Could you see the coming of the bear market?

I have been busy researching information on bear markets trying to determine if you can actually predict them prior to their arrival. In looking at the past bear markets, I have found that there are some common signals that occur before the coming of a bear market. The findings were a little eerie because many of these characteristics were present prior to this recent market downturn.

  1. Investors become more optimistic as prices increase
  2. New stock issues flood the market
  3. Investors start to become more speculative
  4. Business indicators are booming
  5. High or increasing inflation
  6. High or rising interest rates
  7. Declining or stagnant corporate profits
  8. Political instability or international conflict
  9. High unemployment
  10. A tight monetary policy

The biggest problem

If these characteristics commonly exist prior to a bear market, then why can’t we see it coming ahead of time and react accordingly? Let’s face facts, these characteristics were not only present in early 2000 but they were there in 1999 and 1998. If you tried to time the markets and you got out of high flying tech stocks too early, you missed out on a lot of good returns.

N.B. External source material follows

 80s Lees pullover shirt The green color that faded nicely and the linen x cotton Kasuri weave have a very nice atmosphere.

Most investors, and professionals, are afraid to get out of a bull market for fear of missing out on ‘big profits’ at the top of the market. In simple terms, this is known as greed.

Imperfection is a reality

Without a doubt, it is much easier to see the bear market coming after it has already happened. The unfortunate part about this is no one can accurately predict the future. More importantly, no one can accurately time the arrival of the transition of a bull market to a bear market. Although we wish that perfection exists in the industry, it does not.

Good news ahead

I hate to sound like a motivational speaker where everything in the world is made to look like sunshine and blue skies but I think there is some room for some positive comments. Instead, we see and hear all the negativity on the economy and market conditions.

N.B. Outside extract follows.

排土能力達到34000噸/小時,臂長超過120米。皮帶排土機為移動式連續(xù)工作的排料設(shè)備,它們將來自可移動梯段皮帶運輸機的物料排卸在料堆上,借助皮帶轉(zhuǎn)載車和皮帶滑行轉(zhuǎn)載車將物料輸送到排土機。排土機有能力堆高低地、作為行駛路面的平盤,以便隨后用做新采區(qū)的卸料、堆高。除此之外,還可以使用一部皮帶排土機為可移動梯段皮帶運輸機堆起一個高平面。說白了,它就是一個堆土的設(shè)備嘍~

The good news is that the bear market has changed our environment dramatically. In fact, we are now starting to see declining interest rates, controlled inflation, more rationalism in a stock acquisition, and much more attractive stock valuations.

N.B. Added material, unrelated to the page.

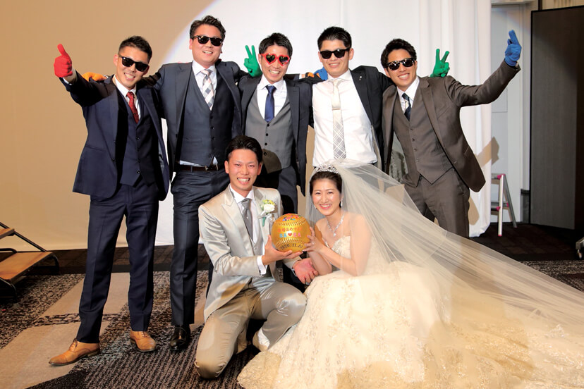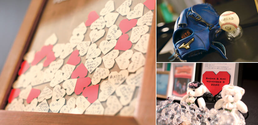 ゲストからのメッセージを集めた「ウエディングドロップス」や、高校野球強豪校出身の新郎らしくグローブと記念のボールを飾った。プロ野球選手や高校の監督からも電報が届き、思いがけない祝福に驚いたという

I will add a few other reasons of my own why I think this might be one of the best buying opportunities I have seen in 10 years:

  1. There is always sunshine after the rain.
  2. Markets go up more than twice as often and twice as much as markets go down.
  3. Bear markets are essential to economic health.
  4. Bear markets put stocks back into the hands of their rightful owners.

While I may be one of the few with an optimistic outlook of the future I remind myself every day a line from one of the greatest investors of all time. Sir John Templeton said, “you should always sell at the height of optimism and buy at the height of pessimism.”

In the end, the lesson is simple – do not try to time the markets and be patient because the sun will shine again.